Kwitnienie nie jest obfite, pierwsze kwiaty z wyglądu nieciekawe, poobgryzane jakieś, mnóstwo mszyc je obłazi, do tego deszcz też nie taki, ale następne pąki są już ładniejsze i kwiaty całkiem..., całkiem..., dlatego dobrze, że wstrzymałam się nieco z porządkami:)
Krzaczki nie są tak geste i dorodne jak w ubiegłym roku, jednak cieszy, że nie zmarniały całkowicie.


Jest jeszcze czwarta róża. Nie do końca wygląda na zdziczałą, ma małe zawiązki pąków, to może i z niej coś jeszcze będzie...

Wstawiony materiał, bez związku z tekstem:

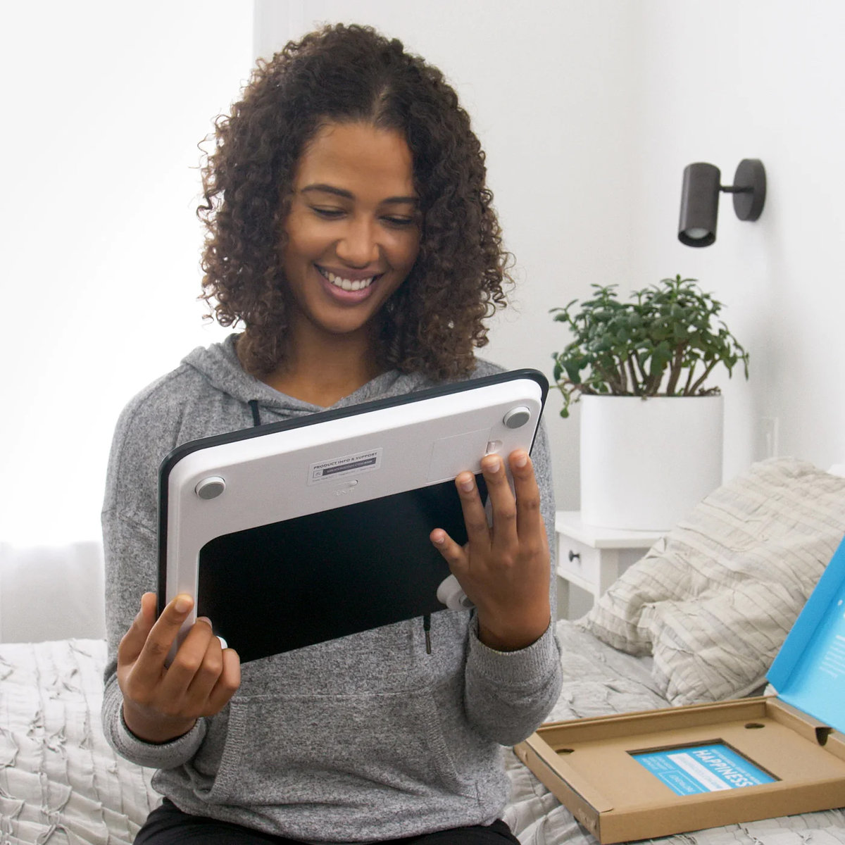 Staranne wykończenie szklanej platformy w wersji Slim sprawia, że waga doskonale wpisze się we wnętrze Twojej łazienki, pozwalając zachować spójność wystroju. Płyta inteligentnej wagi łazienkowej została wykonana ze szkła hartowanego o grubości 4 mm, dzięki czemu waga wytrzymuje obciążenie aż do 180 kg. Antypoślizgowe nóżki, wykonane z polistyrenu, termoplastycznego materiału zapewnią komfort w trakcie dokonywania pomiaru oraz stabilność urządzenia i zapobiegną jego ślizganiu się po powierzchni podłoża, dając tym samym poczucie bezpieczeństwa.

poniedziałek, 18 czerwca 2012

Kwitną liliowce

"...Kwitnie liliowiec, rdzawą czerwienią
Na wysokiej łodydze, kwiaty się mienią
Podobny do irysa, potrzebuje dużo wilgoci
W dobrych warunkach rozrasta się i złoci..."
Autor: Sylen

Moje liliowce to NN - ale dla nich nie ma to żadnego znaczenia. Bez względu na moją niewiedzę, rosną bujnie, kwitną bez problemów, nie imają się ich choroby i tylko szkoda, że kwiaty utrzymują się tak krótko. Całe szczęście, że pączków mają dużo...


a pajączek albo chowa się przed deszczem... albo wybrał się na degustację...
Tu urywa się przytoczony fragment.